◆ **DATA LISTING**:

_ _ _ _ _

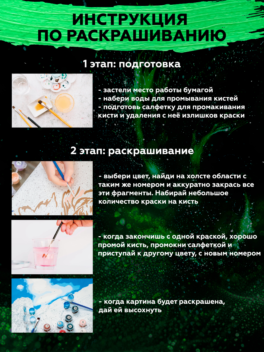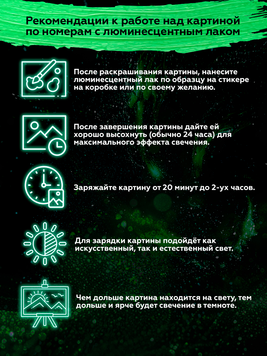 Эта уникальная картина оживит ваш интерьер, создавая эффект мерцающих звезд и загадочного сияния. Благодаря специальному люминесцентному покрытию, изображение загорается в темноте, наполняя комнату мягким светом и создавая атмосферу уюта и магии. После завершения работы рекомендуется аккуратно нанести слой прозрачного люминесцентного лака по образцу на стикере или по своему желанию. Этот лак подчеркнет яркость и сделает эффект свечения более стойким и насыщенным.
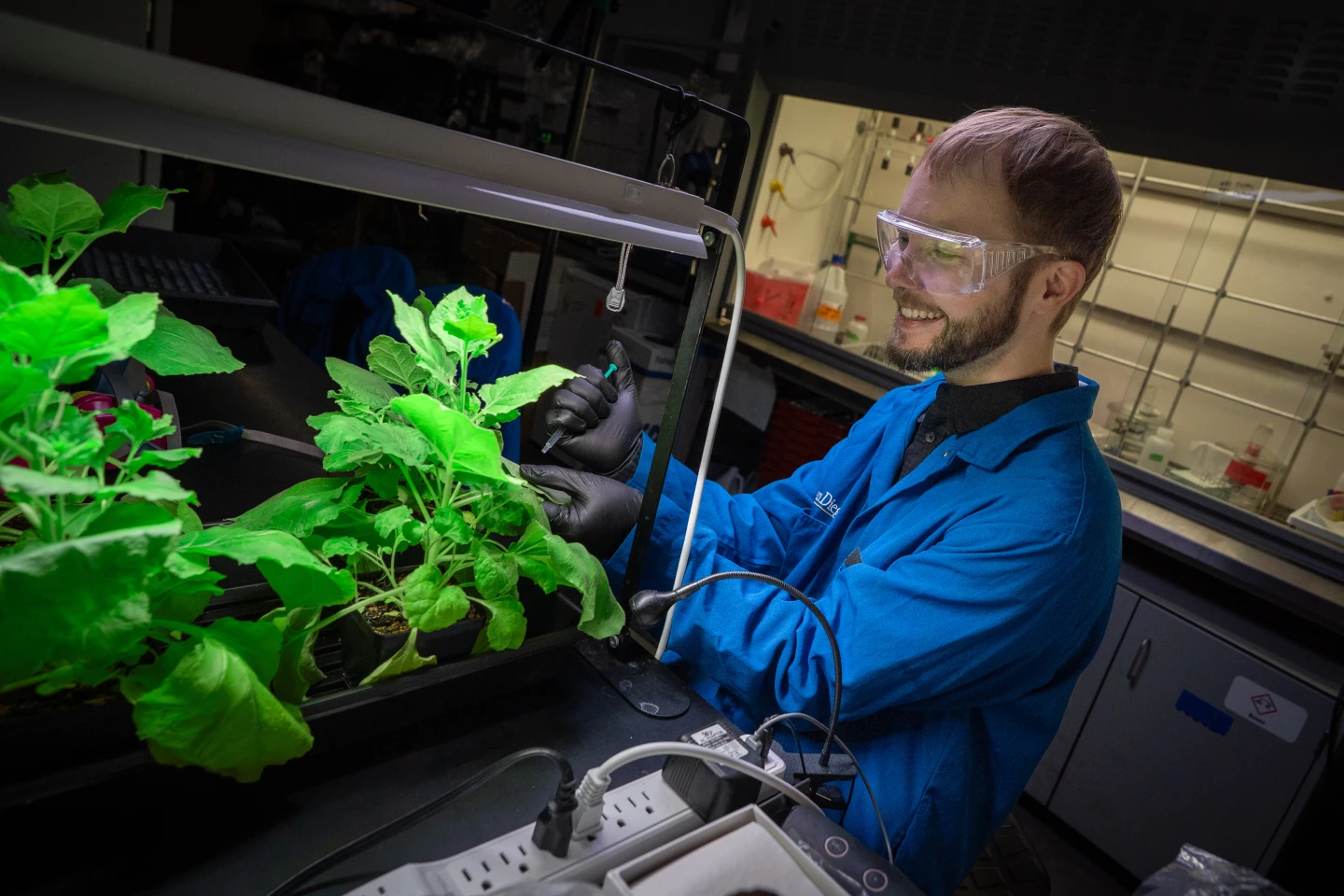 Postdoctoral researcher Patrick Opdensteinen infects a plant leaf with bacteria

_ _ _ _ _

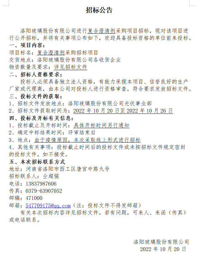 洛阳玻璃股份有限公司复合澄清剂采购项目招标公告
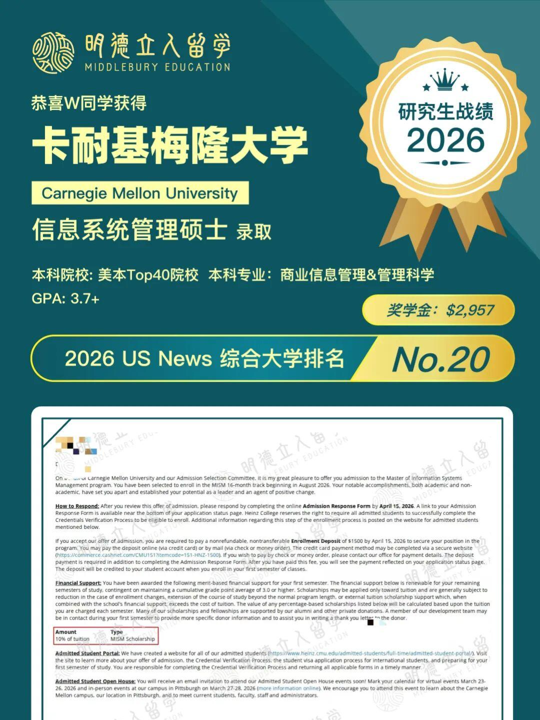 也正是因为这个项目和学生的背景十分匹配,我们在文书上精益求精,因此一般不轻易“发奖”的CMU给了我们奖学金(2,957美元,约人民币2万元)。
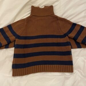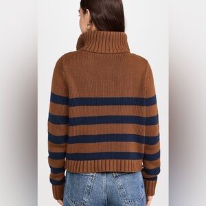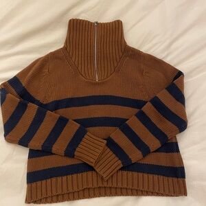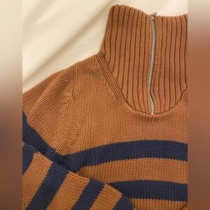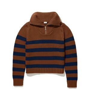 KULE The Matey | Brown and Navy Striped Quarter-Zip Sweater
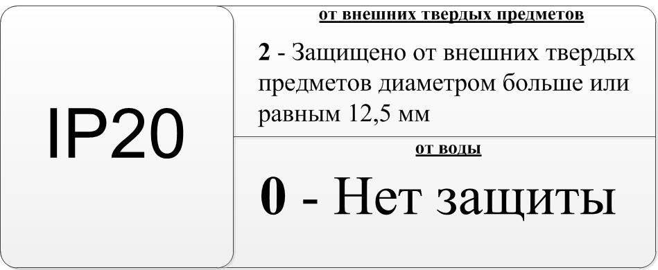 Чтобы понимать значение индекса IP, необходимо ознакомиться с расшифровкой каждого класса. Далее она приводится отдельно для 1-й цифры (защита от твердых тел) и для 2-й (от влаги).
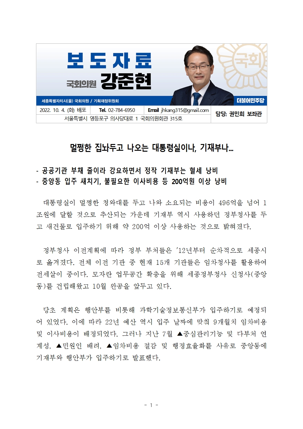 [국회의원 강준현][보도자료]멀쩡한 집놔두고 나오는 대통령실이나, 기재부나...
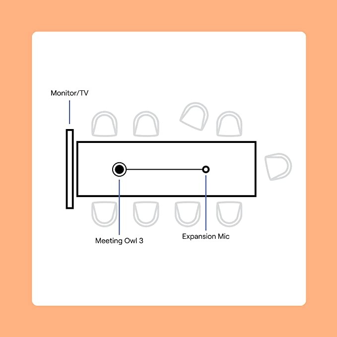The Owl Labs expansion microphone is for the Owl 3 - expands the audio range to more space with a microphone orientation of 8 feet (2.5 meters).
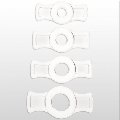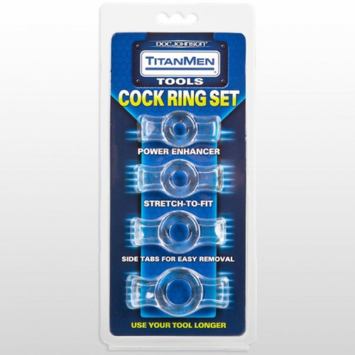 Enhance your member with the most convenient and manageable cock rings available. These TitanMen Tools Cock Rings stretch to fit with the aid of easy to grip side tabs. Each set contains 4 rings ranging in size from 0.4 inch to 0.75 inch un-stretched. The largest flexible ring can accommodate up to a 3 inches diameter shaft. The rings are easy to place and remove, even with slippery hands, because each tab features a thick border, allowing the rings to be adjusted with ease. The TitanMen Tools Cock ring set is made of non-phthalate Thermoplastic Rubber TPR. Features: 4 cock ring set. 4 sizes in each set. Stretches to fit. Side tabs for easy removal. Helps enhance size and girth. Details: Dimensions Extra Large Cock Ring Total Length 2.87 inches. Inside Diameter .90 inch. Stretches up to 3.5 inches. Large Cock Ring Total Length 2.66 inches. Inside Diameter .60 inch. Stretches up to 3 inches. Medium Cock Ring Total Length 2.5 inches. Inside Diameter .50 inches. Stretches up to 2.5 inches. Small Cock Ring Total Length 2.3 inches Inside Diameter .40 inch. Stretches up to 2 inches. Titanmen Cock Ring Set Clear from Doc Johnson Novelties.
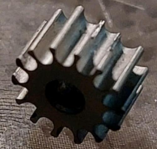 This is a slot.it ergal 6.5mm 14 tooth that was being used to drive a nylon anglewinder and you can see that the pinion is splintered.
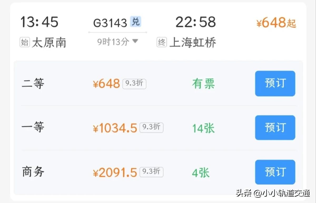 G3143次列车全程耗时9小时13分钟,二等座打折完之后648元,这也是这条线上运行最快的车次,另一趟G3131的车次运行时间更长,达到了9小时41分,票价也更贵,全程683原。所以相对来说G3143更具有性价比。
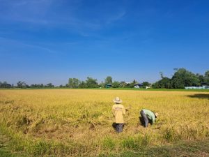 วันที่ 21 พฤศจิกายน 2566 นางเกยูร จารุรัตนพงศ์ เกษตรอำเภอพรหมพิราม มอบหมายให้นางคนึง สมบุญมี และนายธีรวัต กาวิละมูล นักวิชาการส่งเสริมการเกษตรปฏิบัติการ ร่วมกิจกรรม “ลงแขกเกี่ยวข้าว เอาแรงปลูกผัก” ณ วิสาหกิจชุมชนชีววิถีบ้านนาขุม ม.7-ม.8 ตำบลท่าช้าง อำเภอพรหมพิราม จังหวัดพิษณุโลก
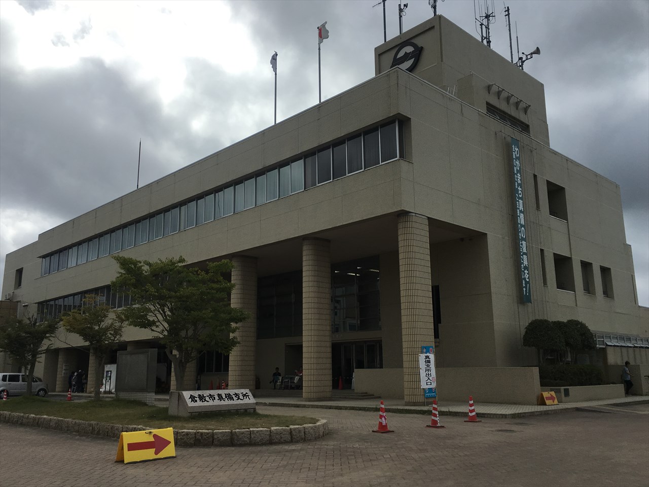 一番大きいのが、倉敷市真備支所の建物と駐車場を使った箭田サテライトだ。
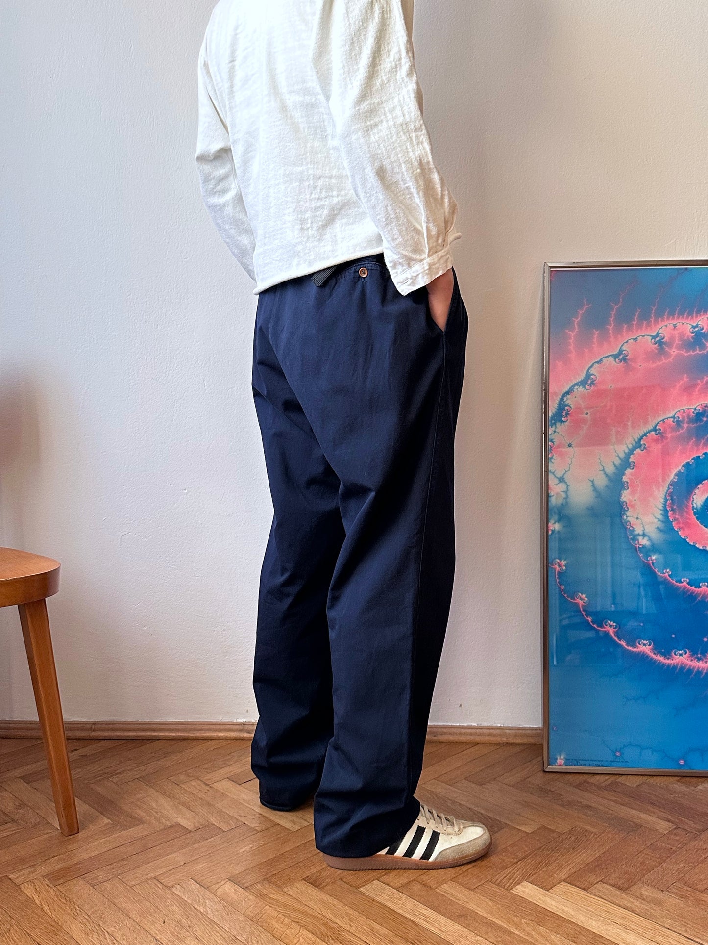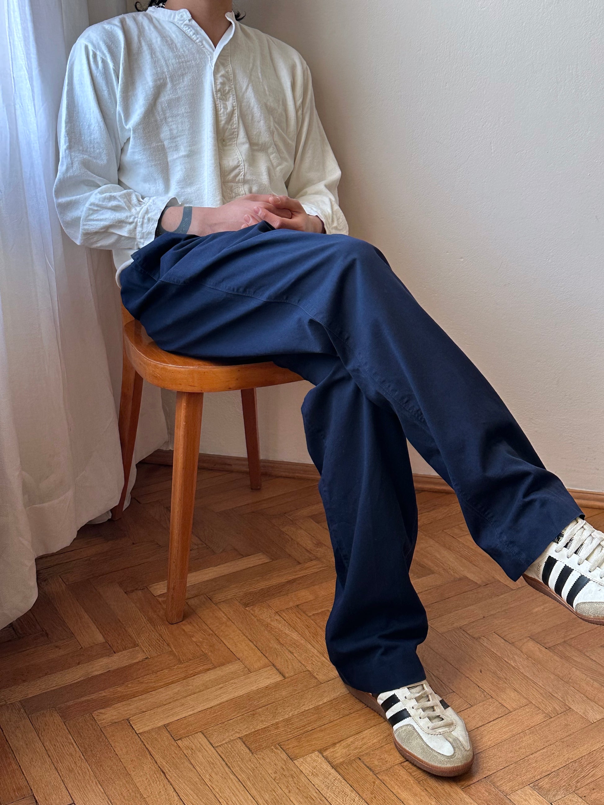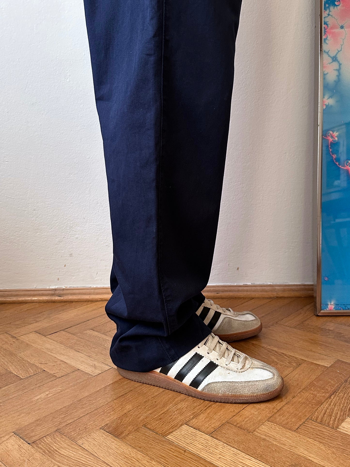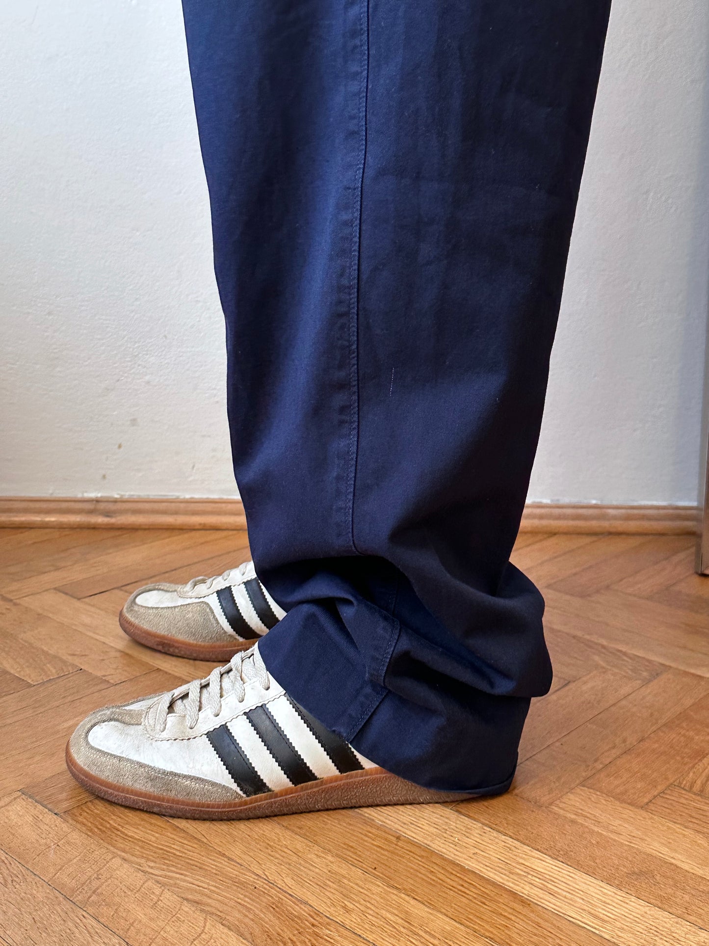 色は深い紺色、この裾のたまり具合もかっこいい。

_ _ _ _ _

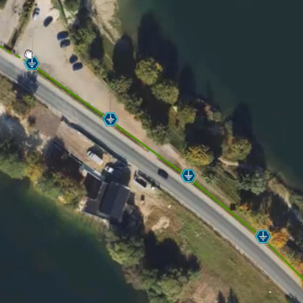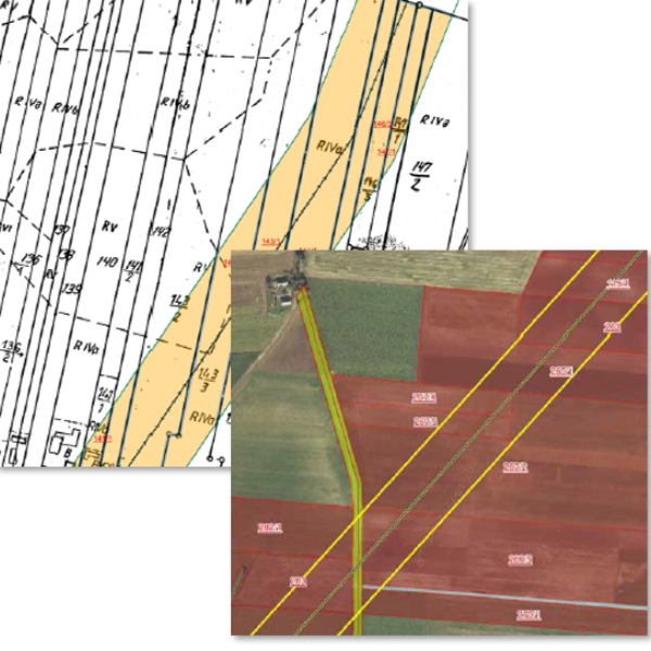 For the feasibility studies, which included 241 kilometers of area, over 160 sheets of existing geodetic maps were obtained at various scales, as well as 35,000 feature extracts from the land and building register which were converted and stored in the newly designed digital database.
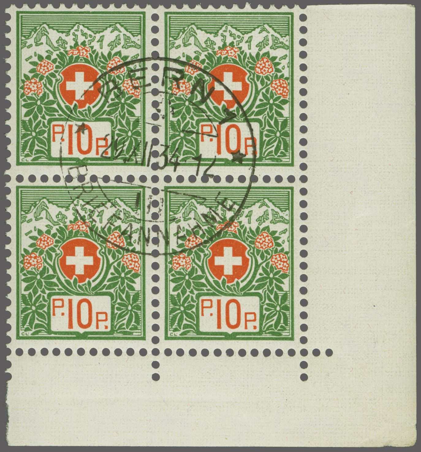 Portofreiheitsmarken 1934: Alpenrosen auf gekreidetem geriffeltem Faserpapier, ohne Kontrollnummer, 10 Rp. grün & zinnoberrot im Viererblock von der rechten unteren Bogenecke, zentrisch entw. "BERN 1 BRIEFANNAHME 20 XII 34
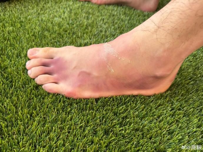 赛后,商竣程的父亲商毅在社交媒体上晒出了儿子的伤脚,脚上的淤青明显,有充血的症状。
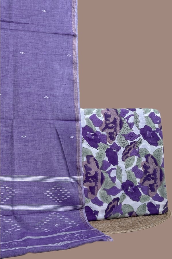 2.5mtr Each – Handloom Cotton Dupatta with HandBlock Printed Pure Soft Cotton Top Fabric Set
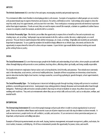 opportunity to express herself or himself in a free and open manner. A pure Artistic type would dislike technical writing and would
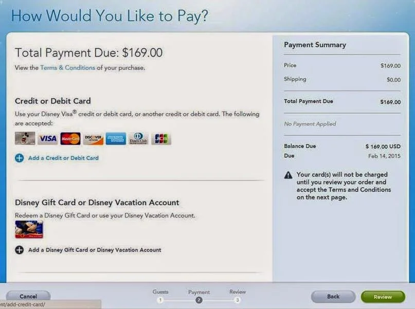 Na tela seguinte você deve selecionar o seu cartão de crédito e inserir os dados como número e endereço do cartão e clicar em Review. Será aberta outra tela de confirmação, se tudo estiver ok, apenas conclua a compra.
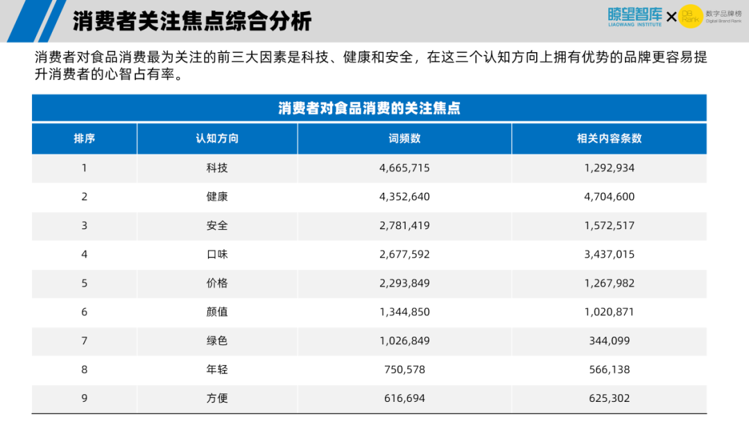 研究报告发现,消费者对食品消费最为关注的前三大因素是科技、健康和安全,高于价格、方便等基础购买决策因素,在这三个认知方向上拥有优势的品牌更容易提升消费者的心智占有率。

_ _ _ _ _

◆ **REQUIREMENT**:
Both the line containing "[국회의원 강준현][보도자료]멀쩡한 집놔두고 나오는 대통령실이나, 기재부나..." and the line containing "The Owl Labs" above belong in the output, as do the lines between them. Print them exactly, without pictures.

◆ **TASK OUTPUT**:
 [국회의원 강준현][보도자료]멀쩡한 집놔두고 나오는 대통령실이나, 기재부나...
The Owl Labs expansion microphone is for the Owl 3 - expands the audio range to more space with a microphone orientation of 8 feet (2.5 meters).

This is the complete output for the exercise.